You can't overcome the effect of doubling (which is to turn an expensive monitor into a very cheap one, because people don't like things to shrink). Or if you find a way, let us know. If it were as simple as ppi, you could use Save As instead of Save For Web.

shiva108
Participating Frequently
November 9, 2018

Well, the only way I've found is to "Save as" with @2x... Then I have a good quality. But, of course, a 800 px wide image instead of 400px and a much more heavy file...

D Fosse
Community Expert
Community Expert
November 9, 2018

That will only work with websites that are specifically coded for this. Then the browser displays the 800 pixel version on high-density displays - remember, the web browser "knows" what display you have - but the standard 400 pixel version on standard displays.

But again, the site has to be coded for this, and most sites aren't.

Normally, the browser will take the 400 pixel version and scale it up to 800 pixels. Or it will scale up 800 pixels to 1600.

Just use View > 200% in Photoshop. That is how you will see it in your browser.

Legend
November 9, 2018

To look at it another way: try making an image, and then set it to a number of different resolutions WITHOUT RESAMPLING (keeping the number of pixels the same). Now SAVE AS JPEG (not export or Save For Web), which will keep the resolution.

View it on the web. View it in a photo viewer. If you find any difference between the different resolutions, let us know and we can try to explain it. We'd expect them to be identical because ppi is irrelevant.

D Fosse
Community Expert
Community Expert
November 7, 2018

There is nothing to update. You misunderstand how this works.

Pixels per inch (or dpi as you call it) is a print parameter, irrelevant on the web. It doesn't apply. On the web, images are displayed by pixel dimensions only - one image pixel to one screen pixel.

Which is why resolution metadata is stripped from the file in SFW/Export. It's not needed. The file doesn't have a ppi, the 72 figure only appears as a default when reopening.

What confuses a lot of people is the scaling that web browsers do when a high-resolution display is detected. Then they use four screen pixels to represent one image pixel. This is the same as Photoshop View > 200%.

The reason this is done is so that images display at roughly the same physical size on screen as people are used to from traditional displays. It's just a hack and a workaround.
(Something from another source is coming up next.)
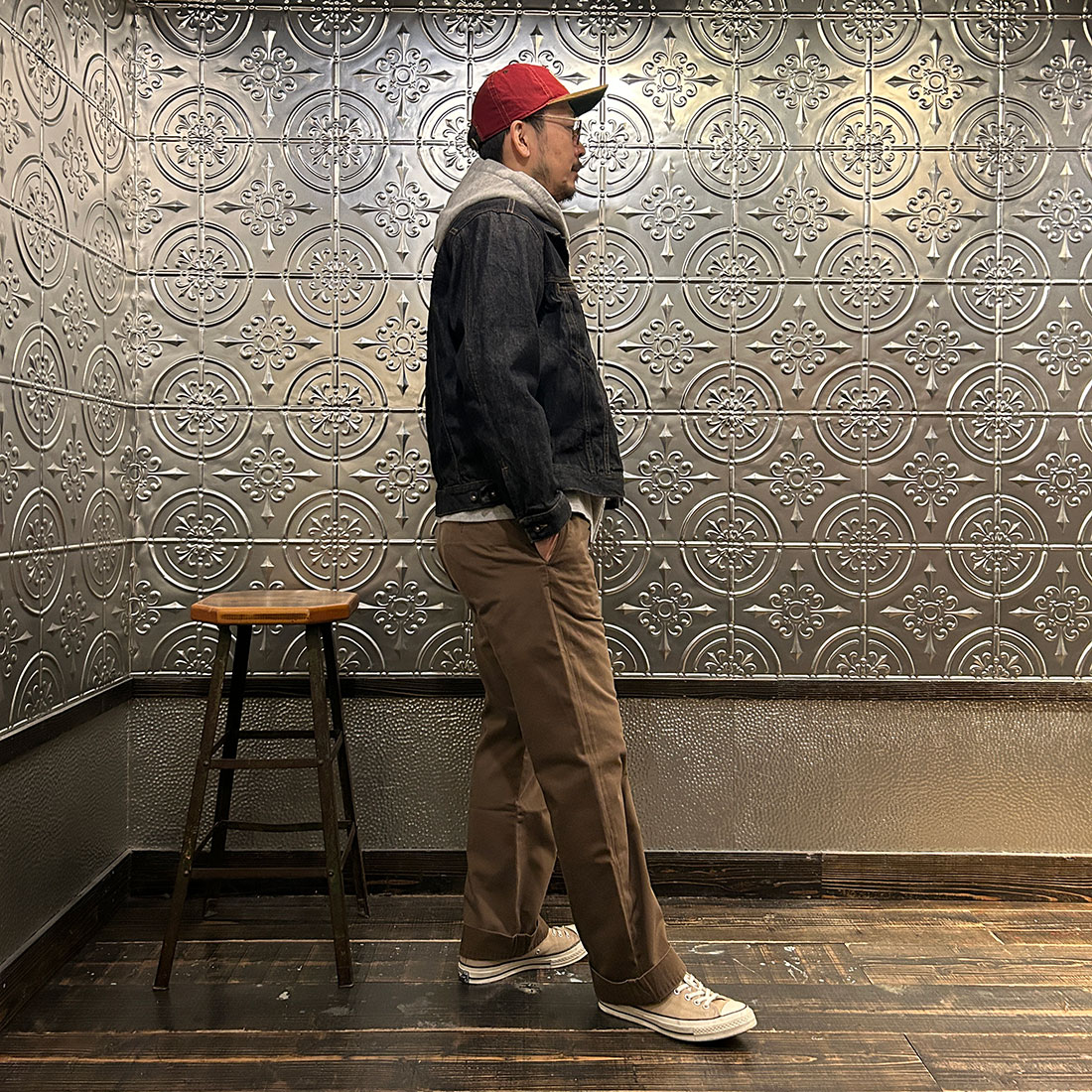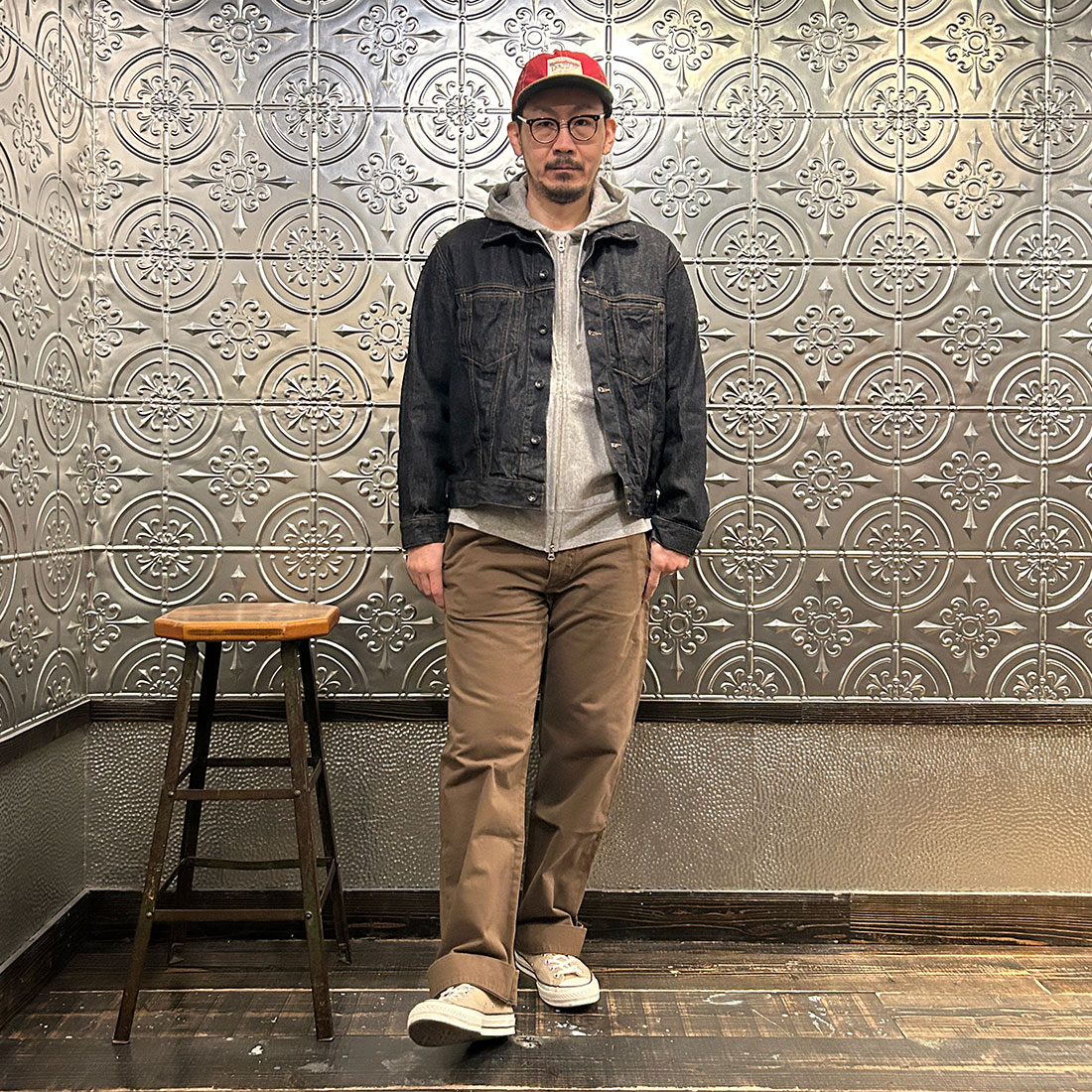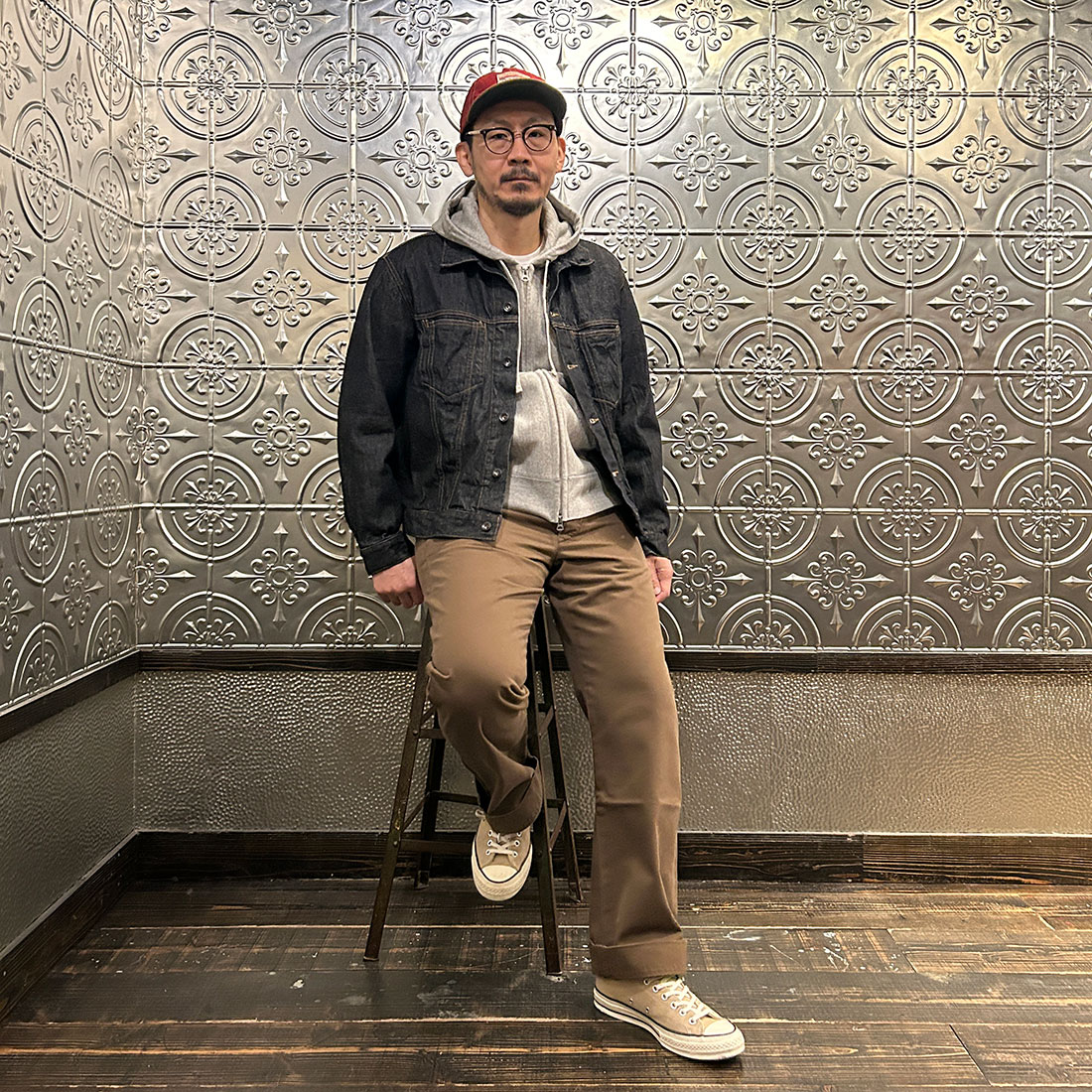 最後はもう少し寒くなった時期のスタイリン。インナーにスウェットパーカーをレイヤードして保温性をプラス。ボトムはチノパンを合わせたアメカジスタイル。ベージュよりも落ち着いた雰囲気のあるブラウンカラーのチノパンが良い感じです。

Photoshop can't do that, it has to be accurate.

shiva108
Participating Frequently
November 9, 2018

Ok, but then, how do you explain that Apple says that their Retina screens are 220 dpi (since 2013, 227 dpi previously)  ?

Source: Using a Retina display - Apple Support

Legend
November 9, 2018

Screens have always had a resolution. So what? This has nothing to do with ppi (resolution) values in an image. This exists to size for printing. Screen displays are designed in pixels, not inches.